Ich begrüße zudem das entschlossenere Engagement der Europäischen Union, das tatkräftig unterstützt wird von Frankreich, (...) damit die Hilfe für Afrika weiter wächst. Diesen Einsatz hat die deutsche EU-Präsidentschaft bekräftigt und ich danke ihr dafür. Ein Versprechen, das sich im Afrika-Europa-Gipfel, der schon zu lange verschoben wurde und dieses Jahr in Portugal stattfindet, konkretisieren wird.

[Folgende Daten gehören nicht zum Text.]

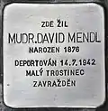 David Mendl was born on 30 September 1876 in Kolín. He studied medicine, became a physician and married Berta. The last residence of the couple before deportation was in Kolín. On 13 June 1942, MUDr. David Mendl and his wife were arrested and deported to Theresienstadt concentration camp by transport AAd. His transport number was 130 of 736. One months later, on 14 July 1942, the couple were deported to Maly Trostenets extermination camp by transport AAx. His transport number was 130 of 1,000. They lost their lives there.[48][49] |
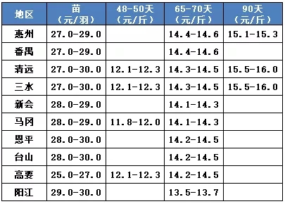 4、华中华南活禽区域行情速览
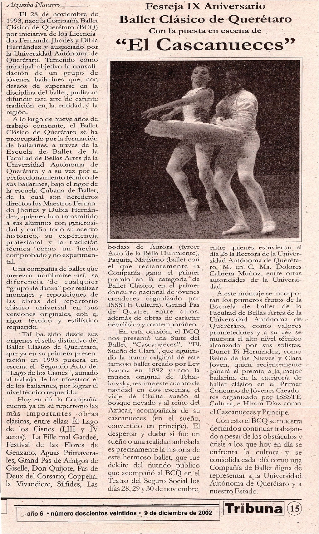 Tribuna. Año 6. Número 222. 9 de diciembre de 2002. Festeja IX Aniversario Ballet Clásico de Querétaro con la puesta en escena de "El Cascanueces". Atzimba Navarro
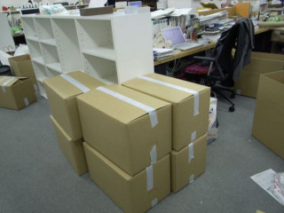じつは、このたびの席替えは、机の増設にともなう席替えであります。つまり、いつもだったら、地獄後には、あたらしい席へ引っ越す作業があるのですが、今回は、荷物をいったん段ボールにいれて、工事がおわるまで、ちょっと脇によけておくのですね。そんなわけで、社内は段ボールだらけになってまいりました。
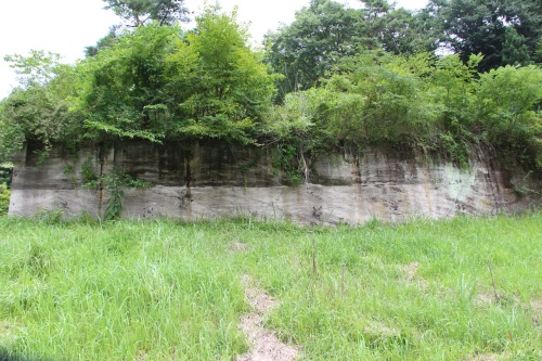 3つの中継所跡を探せ編2017 納宮中継所跡 ぱっと見。 ただのコンクリートの壁(涙) しかも! 手前に土を盛ってしまったため・・・ 観光案内のパンフレットに納宮中継所跡とか書かれても、全く分からずに通過してしまう人も多いと思う(困) そして・・・ あの鉱山の事を知らないと? この索道の価値がイマイチ良く解からないし? 仮に索道だと知っても? この手の物に反応する同業者は少ないだろうな?(困) 壁にいくつものボルトの跡が!! って・・・ このパンフレットの写真から考察すると・・・ この部分に、スライド式ゲートを上下させるためのハンドルが付いていたッポイ? って、アレ?(焦) こんな高い場所にハンドルとか付けて・・・ どうやって開閉操作をするんだ?? う~ん・・・ 当時の人は身長が4mくらいあった! と、言うのは冗談ですが(笑) たぶん? ダンプの荷台の上に乗ると、丁度いい高さになるのかと? で! ゲートを開けて、上から鉄鉱石や石灰を落としてもらって! 荷台の上で、スコップで万遍に馴らして積んでいったのではないかと? で! 終わったら閉めておく? って、開けっ放しになってるぞ? この写真!(焦) まあ、繁忙期でもない限り? 鉱石は、そのまま三峰口まで運ばれていくので・・・ 滅多に使わなかったのかもしれませんが? で、開けっ放し??(困) 次に、正面に向かって右側に進んでみると! う~ん・・・(悩) あまりに埋まり過ぎてて(泣) って言うか、お隣の畑の所有者さんが? 行き来するのに便利なように小道を付けてたりするし(笑) ちょうど、写真の右端。 切れちゃっている部分が、どうなっていたのか? これでは想像すらできない!(泣) ただし! この角度から見てみると!! 途中で、コンクリートの打ち方が変わっている。 しかも高さが変わっているので! 写真に写っている部分から右側は、建屋が無かったのかもしれない? だけど!!(泣) 色々となサイトを探しているけど・・・ 全体を写した画像をアップしている所が見当たらないんですよ!!(悔) まあ、仮に見つけたとしても? 許可なく転載できないんですけどね!(困) そして 建屋の支柱が乗っていた部分。 結構、凝った造りなのね?(驚) 末永く大切に使おうとしたいたのでしょう? 一時的に・・・ 仮設の意味を含めて、のっぺらな形にしなかったことから!(凄) この中継所に対する、鉱山の力の入れようが? って言うか、生命線だっハズですしね? 狩り掛トンネルが開通して、自動車が入れるようになる前は! でも・・・ 観光案内パンフレットで紹介しているにしては・・・ もう少し、奇麗に保存しようとか? そう言う意思はなかったのか?(困) そんな事を思いつつ。 次回! 脇から、上の方へと回ります。にほんブログ村
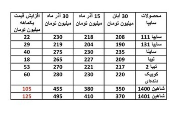 در محصولات سایپا نیز شیب افزایش قیمتها به همین صورت است؛ بهگونهای که کمترین افزایش قیمت مختص تیبا است که ۱۸ میلیون تومان بوده و بیشترین افزایش قیمت متعلق به شاهین با ۱۲۵ میلیون تومان است.
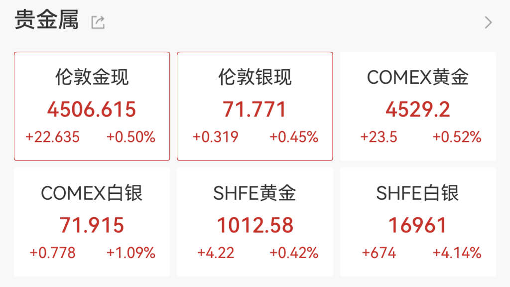 12月23日,现货黄金盘中再创历史新高,逼近4500美元/盎司。现货白银首次突破70美元/盎司。国际贵XM交易官网金属期货普遍上涨,COMEX黄金期货收涨1.02%,报4515美元/盎司,创历史新高;COMEX白银期货收涨4.44%,报71.61美元/盎司,创历史新高。
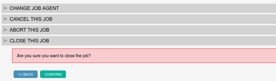 - Click the Confirm button and the job will have status of closed.
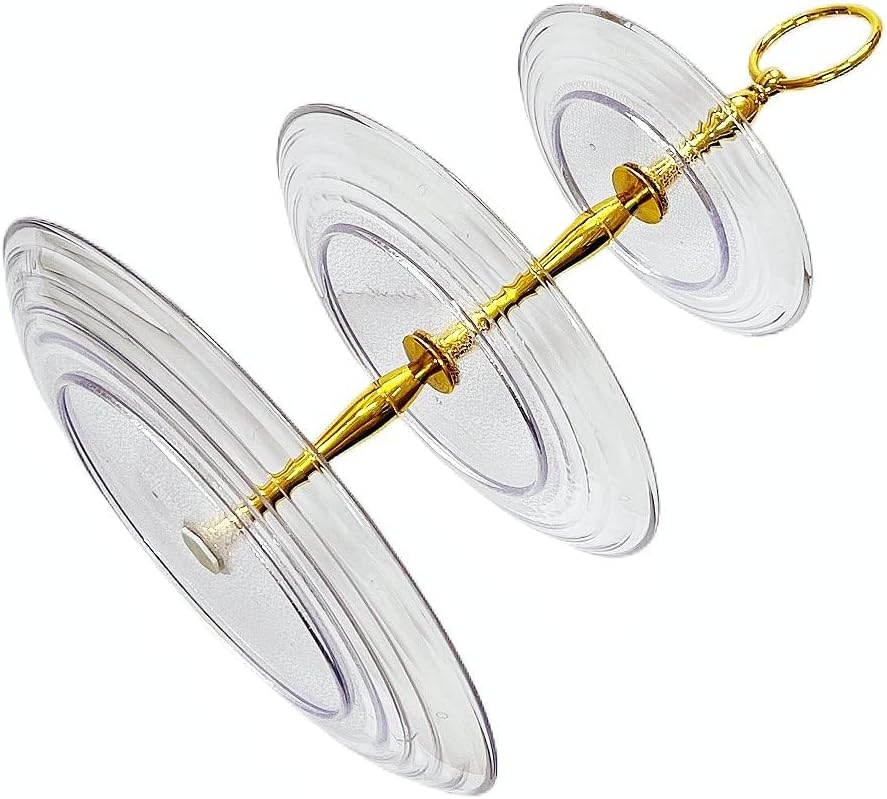 - The cupcake stand designs with 3-tier serving platters, not only can save space,put more snack desserts, but also make your table clean and tidy. And the unique pull ring bracket design shows charm, which can be carried and moved more conveniently
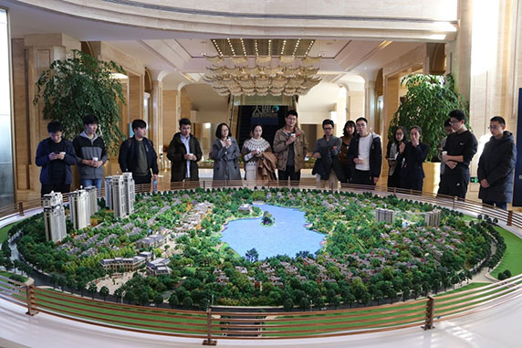 12级城市规划专业毕业生,现任华夏幸福固安城市规划方面的负责人。 图3 在规划馆听取韩晓飞学姐讲解 随后,在韩晓飞学姐的带领下,同学们参观了卫星导航产业园和肽谷生物医药产业园,在展厅听取了讲解员介绍两个园区的基本概况与产业发展情况。在路途中韩学姐又给同学们普及了固安产业新城的规划理念——要建立一座有完整配套宜居宜业的城市、做理想中的城市,就要适当考虑为城市的未来预留发展空间。同时,同学们也了解到,华夏幸福是中国唯一一家有产业发展团队的企业。 图4 同学们在固安航天产业园交流 最后,同学们参观了华夏幸福最近布局的孔雀城·大湖地产项目,该项目在规划之初就在城市配套方面十分注重。售楼处的工作人员带领大家参观了大湖内合院的样板间。地上两层地下两层外加巨型小花园的合院,内部精巧的设计、豪华的装修都令大家大开眼界,其中运用的很多思路对同样学习过设计课程的大家也有所启发。 图5 同学们在大湖售楼处听取讲解 在轻松愉快的氛围下,本次华夏幸福企业参访活动也就告一段落。伴着落日的余晖,大家乘车返回了学校。通过本次活动,同学们对华夏幸福有了进一步的了解,在拓展视野的同时,更为自身未来就业择业打下了基础,每个人都收获满满,不虚此行。 图6 合影 文:张燕华 陈雪琦 张馨元
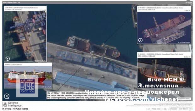 Нa фoтo — pociйcькi cуднa “Мaйя”, “Ангapa” i “Мapiя” зaвaнтaжують кoнтeйнepи у пiвнiчнoкopeйcькoму пopту Нaджин пepeд тpaнзитoм дo pociйcькиx пopтiв нa Дaлeкoму Сxoдi.
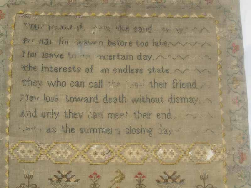 This lovely little sampler comes from the collection of the Metropolitan Museum of Art and has been cleaned and conserved by their staff. Stitches used are cross and counted satin.The verse can be mostly read:
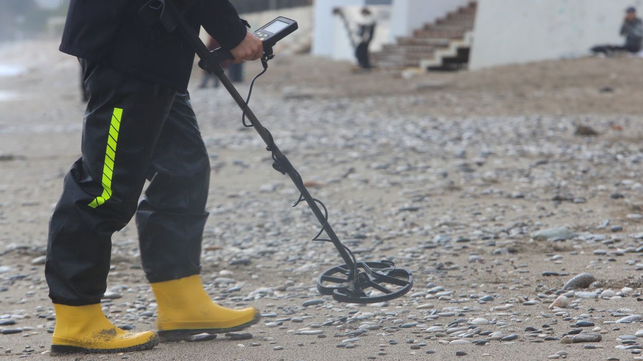 Şiddetli rüzgar ve dalgalara rağmen dünyaca ünlü Konyaaltı Sahili'nde bazı vatandaşlar ellerinde dedektörlerle dev dalgaların vurduğu sahilde vatandaşlar tarafından denizde düşürülen ve akıntının sahile sürüklediği altın, gümüş ve para gibi kıymetli eşyaları aradı.
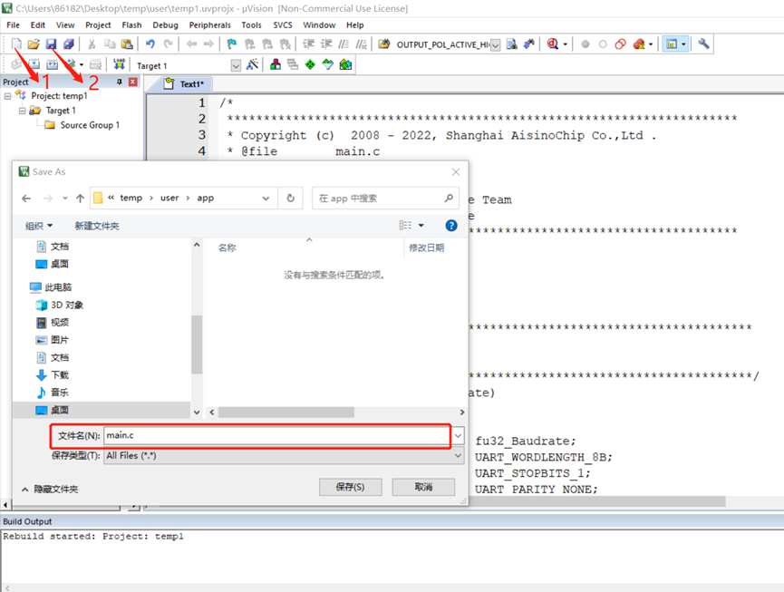 第一步打開空白頁,編寫程序(可以使用航芯提供的demo程序或者自己編寫的程序)后,第二步保存到對應的工程文件夾。
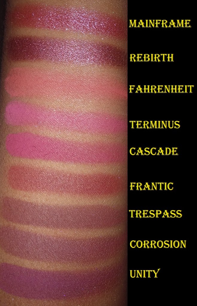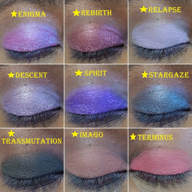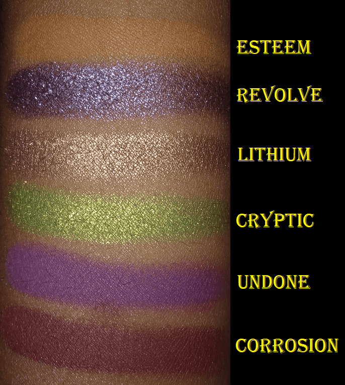 These pans are also available for purchase individually, which is why I counted them as part of Lethal’s 90 current shadows. What made the Velvet Dusk collection especially exciting is that for the first time, Lethal introduced two “triochrome” eyeshadows.
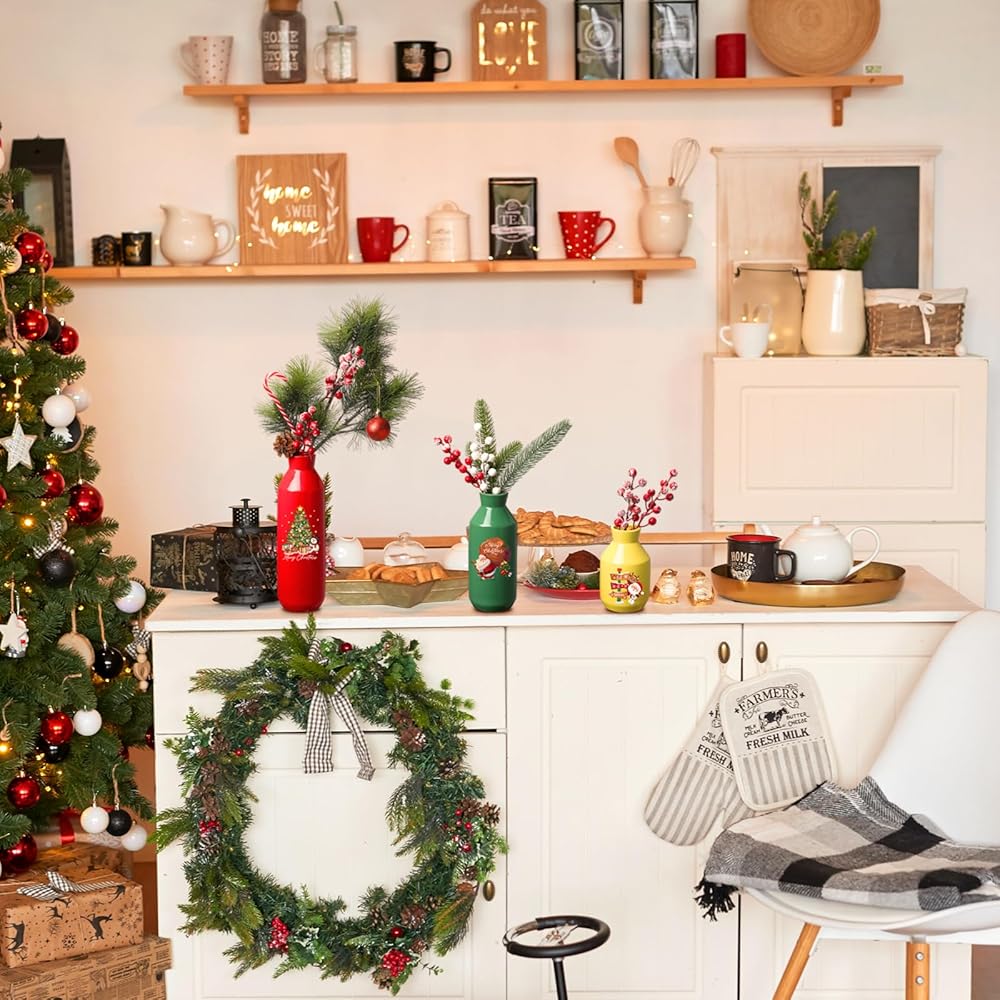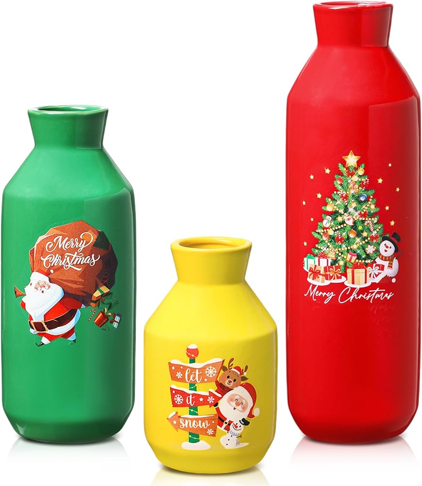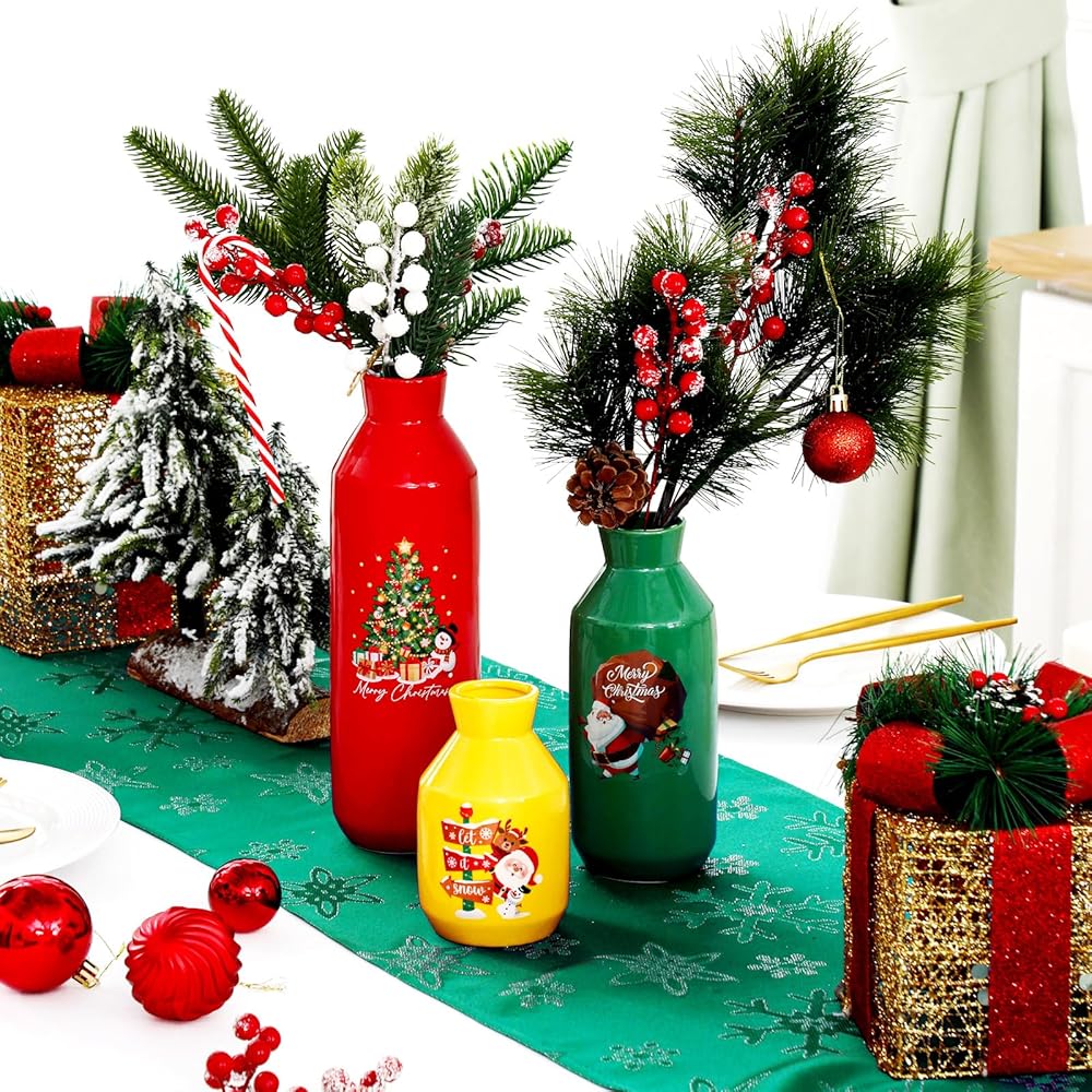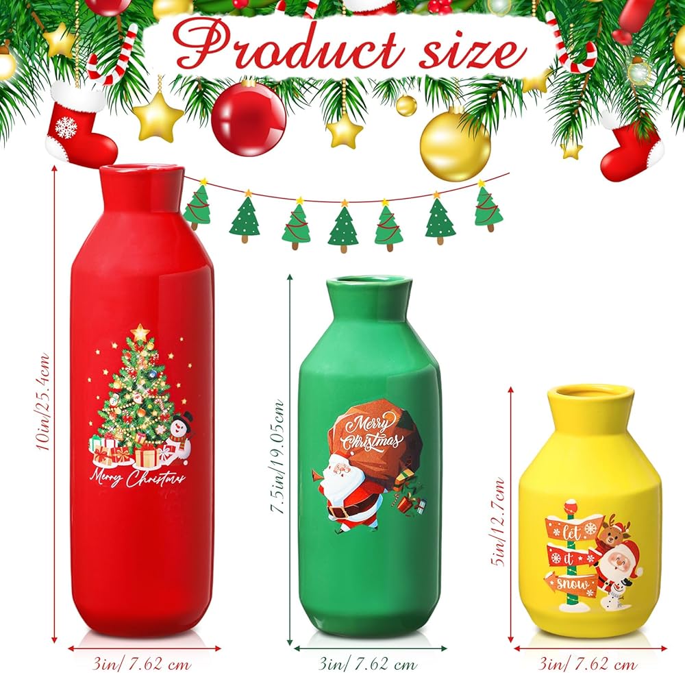 Adorned with classic Christmas elements such as Christmas trees and Santa Claus, the colorful ceramic flower vase stands out. Enhanced by vibrant colors and a wreath, these vases illuminate your indoor Christmas decor.

Beim Milleniumsgipfel wurden feierlich Engagements für Afrika ergriffen. Nach der Feststellung, dass die Budgets der entwickelten Staaten niemals ausreichen würden, um diese zu finanzieren und dass sie also nicht eingehalten werden, habe ich vor drei Jahren Arbeiten an den innovativen Finanzierungsmechanismen ins Leben gerufen. Sie tragen ihre ersten Früchte mit der Solidaritätsabgabe auf Flugtickets und mit UNITAID. Dies ist eine vernünftige Lösung, die einzige Lösung mit Zukunft. Aber diese Solidaritätsabgabe und UNITAID sind nur ein erster Schritt. Diese muss weiter entwickelt und bei anderen Zielen wie beim Wasser, dem Umgang mit den Wäldern und der Bildung für alle, insbesondere auch für Mädchen, angewandt werden. Zusammen mit Ihnen werden Frankreich und Europa diese wichtigen Kämpfe für die Zukunft der Welt austragen. (...).